The Commerce Department said on Monday that wholesale inventories were unchanged instead of dipping 0.1% as previously reported last month. Stocks at wholesalers fell 0.3% in April.
Economists polled by Reuters had expected that inventories would be unrevised. Inventories are a key part of gross domestic product. They increased 3.7% on a year-on-year basis in May.
Private inventory investment rose at its slowest pace in 1-1/2 years in the first quarter, helping to restrict GDP growth to a 2.0% annualized pace in that three-month period.
The careful inventory management amid expectations of weaker demand because of higher borrowing costs is weighing on production at factories.
The Federal Reserve has raised its policy raise by 500 basis points since March 2022, when it embarked on its fastest monetary policy tightening campaign in more than 40 years.
The U.S. central bank is expected to resume hiking rates this month after skipping in June.

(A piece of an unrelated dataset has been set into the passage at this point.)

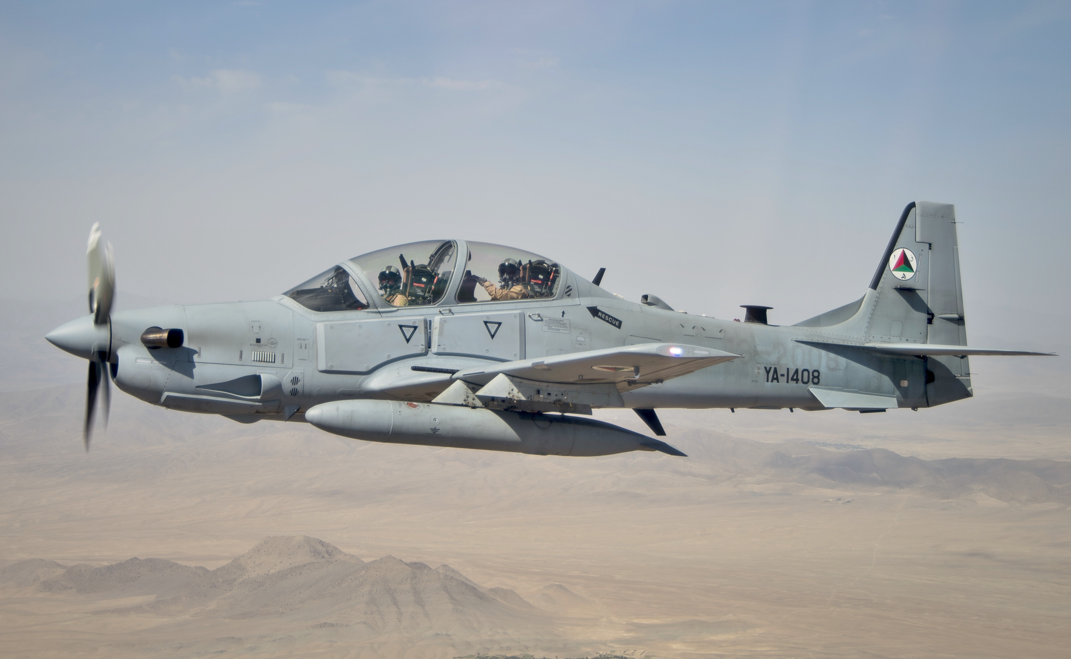 An Afghan Air Force A-29 Super Tucano soars over Kabul, Afghanistan, Aug. 14, 2015. The A-29 is the Afghan Air Force's latest attack airframe in their inventory. (U.S. Air Force photo/Staff Sgt. Larry E. Reid Jr., Released)

Wholesale motor vehicle inventories increased 1.1% in May after rising 0.3% in April. But inventories of furniture continued to decline as did stocks of lumber, paper, apparel, farm products and petroleum.
Excluding autos, wholesale inventories slipped 0.1% in May. This component goes into the calculation of GDP.
Economists at Goldman Sachs raised their second-quarter GDP growth estimate to a 2.3% rate from a 2.2% pace.
Sales at wholesalers fell 0.2% after being unchanged in April. There were increases in sales of long-lasting manufactured goods like autos, furniture, machinery and professional equipment.
At May’s sales pace it would take wholesalers 1.41 months to clear shelves, rising further above the 2019 average of 1.35 months and up from 1.40 in April.